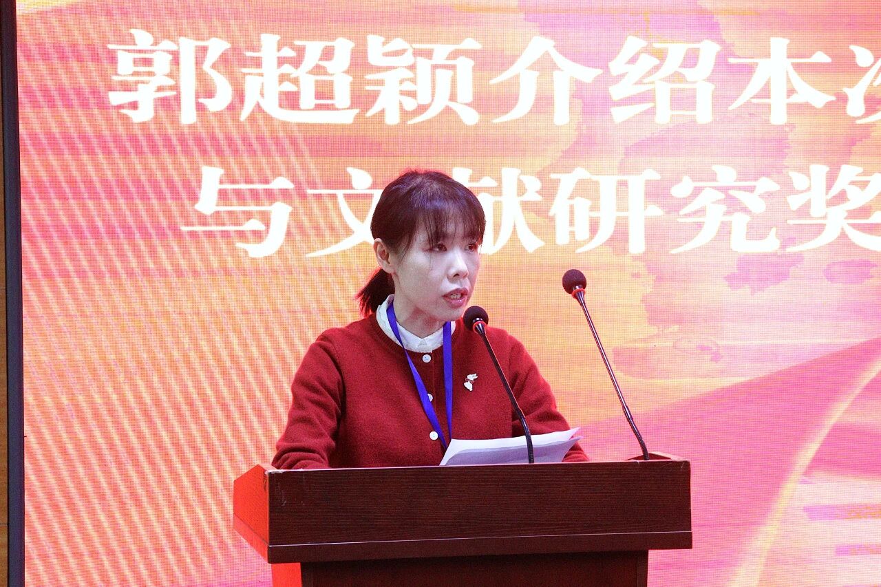 郑敬斌院长为获奖代表颁奖。唐山师范学院郭万青教授作为获奖代表发言。郭万青指出,太阳集团“文史见长”的学术传统对自己的治学道路产生了重要影响。他分享了自己在相关领域的研究心得,表示通过参与重大工程项目,拓宽了自身的学术视野,磨练了沉静细致的校勘能力,并直接反哺于个人的研究与教学实践。郭万青衷心感谢了钱先生和评审委员会,表示自己将继续扎根古籍整理研究领域,不断推出新成果。
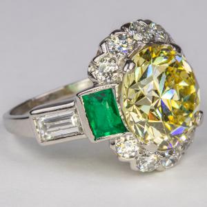 Stunning platinum, diamond and emerald ring set with a round, brilliant cut, fancy yellow 5.18-carat diamond (est. $35,000-$45,000).
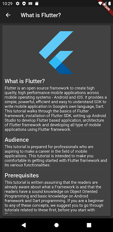 Flutter is an open source framework to create high quality, high performance mobile applications across mobile operating systems - Android and iOS. It provides a simple, powerful, efficient and easy to understand SDK to write mobile application in Google’s own language, Dart. This tutorial walks through the basics of Flutter framework, installation of Flutter SDK, setting up Android Studio to develop Flutter based application, architecture of Flutter framework and developing all type of mobile applications using Flutter framework.
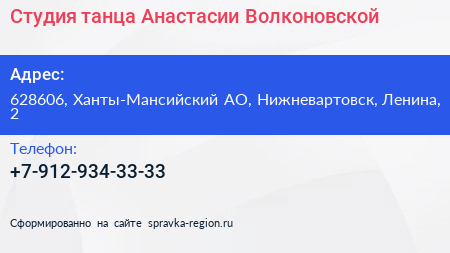 Студия танца Анастасии Волконовской по адресу 628606, Ханты-Мансийский АО, Нижневартовск, Ленина, 2 в дальнейшем Организация, размещена в следующих категориях:
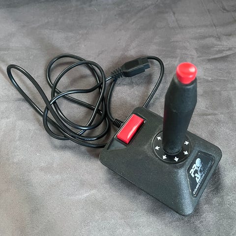 Quickjoy V SV-125 Superboard joystick jossa kuusi tulitus-nappia ( 2 vasemmalla, 2 oikealla ja 2 tikussa ) ja autofire. Mikrokytkimillä, hyvän tuntoinen joystick pelatessa.
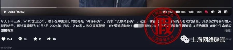 上海辟谣平台在核查中发现,不少自媒体在传播“世卫组织宣布‘神秘肺炎’”时,存在断章取义、以偏概全的做法,包括曲解世卫组织官方声明、只字不提国家卫健委发布的信息等;还有部分自媒体将网传不实文字与账号日常视频相结合,没有任何根据地声称“今天下午3点宣布”“昨天下午3点宣布”等。
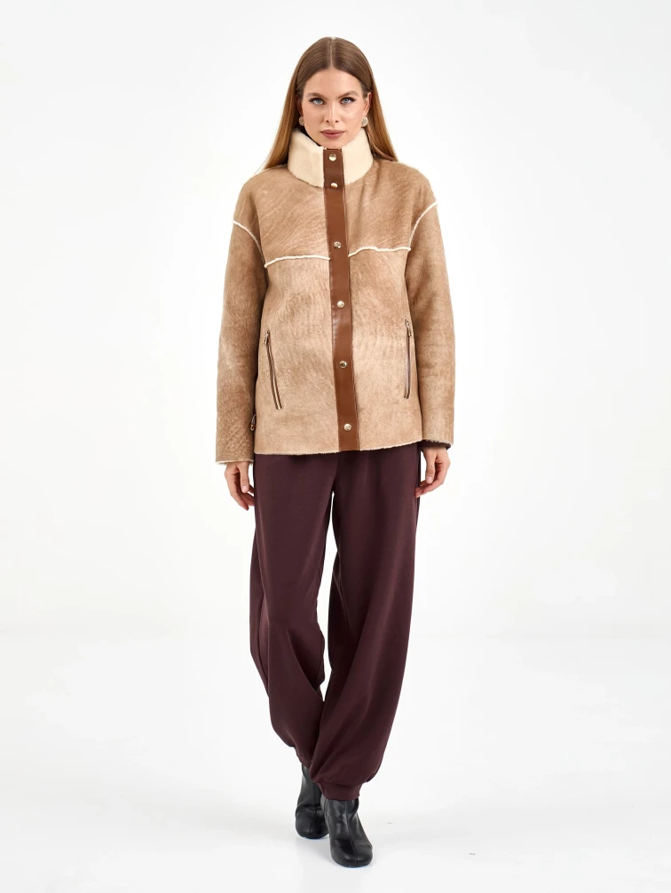Короткая дубленка без капюшона из мягчайшей овчины мерино свободного кроя. Модель длиной 65 см с воротником-стойкой и спущенным рукавом демонстрирует утонченную эстетику: декоративные швы вывернуты мехом наружу, а карманы и планка на кнопках оформлены кожаными кантами с золотистой фурнитурой. Стилисты рекомендуют сочетать с водолазками, кожаными брюками и челси для создания образа в стиле smart casual — эта дубленка станет идеальным выбором для городских прогулок, добавляя образу непринужденной элегантности и уюта.

Work order | Retype all the entries word for word; the pictures stay out.

Exercise answer |
 郑敬斌院长为获奖代表颁奖。唐山师范学院郭万青教授作为获奖代表发言。郭万青指出,太阳集团“文史见长”的学术传统对自己的治学道路产生了重要影响。他分享了自己在相关领域的研究心得,表示通过参与重大工程项目,拓宽了自身的学术视野,磨练了沉静细致的校勘能力,并直接反哺于个人的研究与教学实践。郭万青衷心感谢了钱先生和评审委员会,表示自己将继续扎根古籍整理研究领域,不断推出新成果。
 Stunning platinum, diamond and emerald ring set with a round, brilliant cut, fancy yellow 5.18-carat diamond (est. $35,000-$45,000).
 Flutter is an open source framework to create high quality, high performance mobile applications across mobile operating systems - Android and iOS. It provides a simple, powerful, efficient and easy to understand SDK to write mobile application in Google’s own language, Dart. This tutorial walks through the basics of Flutter framework, installation of Flutter SDK, setting up Android Studio to develop Flutter based application, architecture of Flutter framework and developing all type of mobile applications using Flutter framework.
 Студия танца Анастасии Волконовской по адресу 628606, Ханты-Мансийский АО, Нижневартовск, Ленина, 2 в дальнейшем Организация, размещена в следующих категориях:
 Quickjoy V SV-125 Superboard joystick jossa kuusi tulitus-nappia ( 2 vasemmalla, 2 oikealla ja 2 tikussa ) ja autofire. Mikrokytkimillä, hyvän tuntoinen joystick pelatessa.
 上海辟谣平台在核查中发现,不少自媒体在传播“世卫组织宣布‘神秘肺炎’”时,存在断章取义、以偏概全的做法,包括曲解世卫组织官方声明、只字不提国家卫健委发布的信息等;还有部分自媒体将网传不实文字与账号日常视频相结合,没有任何根据地声称“今天下午3点宣布”“昨天下午3点宣布”等。
Короткая дубленка без капюшона из мягчайшей овчины мерино свободного кроя. Модель длиной 65 см с воротником-стойкой и спущенным рукавом демонстрирует утонченную эстетику: декоративные швы вывернуты мехом наружу, а карманы и планка на кнопках оформлены кожаными кантами с золотистой фурнитурой. Стилисты рекомендуют сочетать с водолазками, кожаными брюками и челси для создания образа в стиле smart casual — эта дубленка станет идеальным выбором для городских прогулок, добавляя образу непринужденной элегантности и уюта.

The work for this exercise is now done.